- _Assigned task_
Retype all entries exactly as they stand, excluding pictures.

__________________________________________________

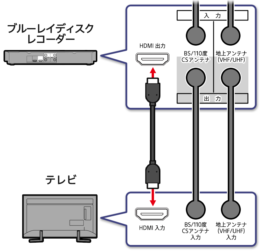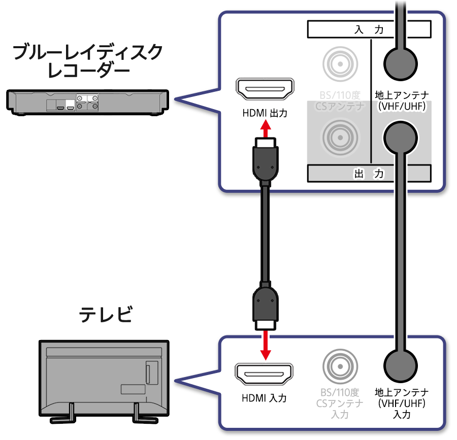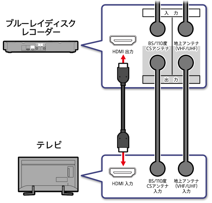 - ブルーレイディスク/DVDレコーダーの「HDMI」出力端子と、テレビの「HDMI」入力端子を、HDMIケーブル(別売り)*2 でつなぎます。
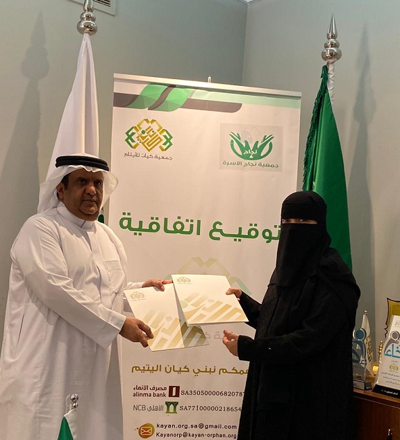 هذا وقد وقعت الأستاذة سمها بنت سعيد الغامدي رئيس مجلس إدارة جمعية كيان مع ممثل جمعية نجاح الأسرة الأستاذ سعود الأسمري مدير العلاقات العامة، حيث أن جمعية كيان مؤسسة خيرية تعنى بتقديم كافة أوجه التعاون والتمكين للأيتام ذوي الظروف الخاصة وحيث أن جمعية نجاح الأسرة تسعى إلى تقديم تعزيز الترابط الأسري وتمكين القيم الإيجابية ورغبة في تفعيل الاستراتيجية الوطنية للتكامل بين القطاعات فقد التقت إرادة الطرفين وتم الاتفاق بينهما.
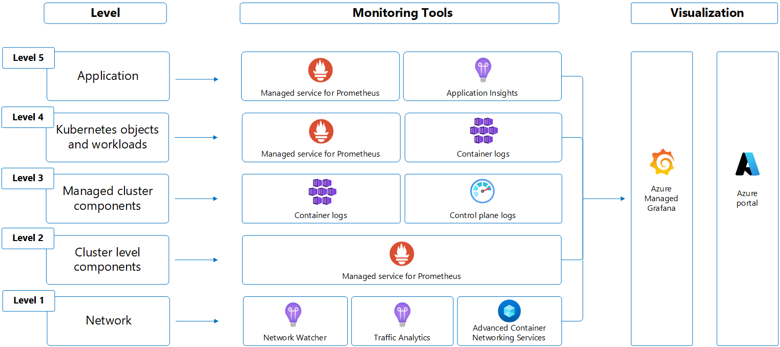 下面是从基础结构层到应用程序的典型 Kubernetes 环境的插图。 每个层都有不同的监视要求,这些要求由下面所述的不同 Azure 服务解决。
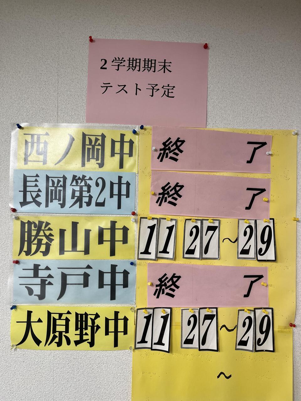 大原野中、勝山中の皆さんはいよいよ、本日から期末テストスタートです。
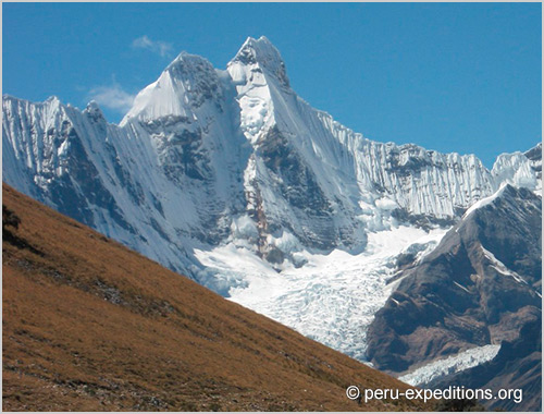 Option: Trekking without climbing Diablo Mudo. Short descent from Cashgapampa, turning into Angocancha Gorge (4350 m) and ascent to Yaucha Pass (4750 m), where we again stop and enjoy the impressive view. Steep descent toward the northeast in Huacrish Gorge (4,066 m), leading to Jahuacocha Lake (4066 m). Camp on the edge of the lake, with a view dominated by Rondoy, Jirishanca and Yerupajá.
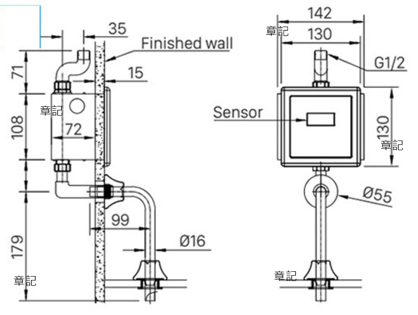 INAX 埋入式感應沖水閥 OKUV-30SM 尺寸圖
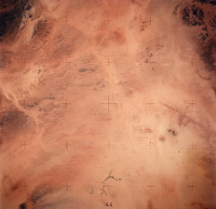 The giant swing-arm irrigation systems common to the American desert invade the Sahara at Libya's Al Kufra Oasis (lower center). It is said that the water removed here fell to the earth in this massive basin many thousands of years ago. 20 July 1975. (AST-16-1244) |

__________________________________________________

- _Exercise response_
 - ブルーレイディスク/DVDレコーダーの「HDMI」出力端子と、テレビの「HDMI」入力端子を、HDMIケーブル(別売り)*2 でつなぎます。
 هذا وقد وقعت الأستاذة سمها بنت سعيد الغامدي رئيس مجلس إدارة جمعية كيان مع ممثل جمعية نجاح الأسرة الأستاذ سعود الأسمري مدير العلاقات العامة، حيث أن جمعية كيان مؤسسة خيرية تعنى بتقديم كافة أوجه التعاون والتمكين للأيتام ذوي الظروف الخاصة وحيث أن جمعية نجاح الأسرة تسعى إلى تقديم تعزيز الترابط الأسري وتمكين القيم الإيجابية ورغبة في تفعيل الاستراتيجية الوطنية للتكامل بين القطاعات فقد التقت إرادة الطرفين وتم الاتفاق بينهما.
 下面是从基础结构层到应用程序的典型 Kubernetes 环境的插图。 每个层都有不同的监视要求,这些要求由下面所述的不同 Azure 服务解决。
 大原野中、勝山中の皆さんはいよいよ、本日から期末テストスタートです。
 Option: Trekking without climbing Diablo Mudo. Short descent from Cashgapampa, turning into Angocancha Gorge (4350 m) and ascent to Yaucha Pass (4750 m), where we again stop and enjoy the impressive view. Steep descent toward the northeast in Huacrish Gorge (4,066 m), leading to Jahuacocha Lake (4066 m). Camp on the edge of the lake, with a view dominated by Rondoy, Jirishanca and Yerupajá.
 INAX 埋入式感應沖水閥 OKUV-30SM 尺寸圖
 The giant swing-arm irrigation systems common to the American desert invade the Sahara at Libya's Al Kufra Oasis (lower center). It is said that the water removed here fell to the earth in this massive basin many thousands of years ago. 20 July 1975. (AST-16-1244) |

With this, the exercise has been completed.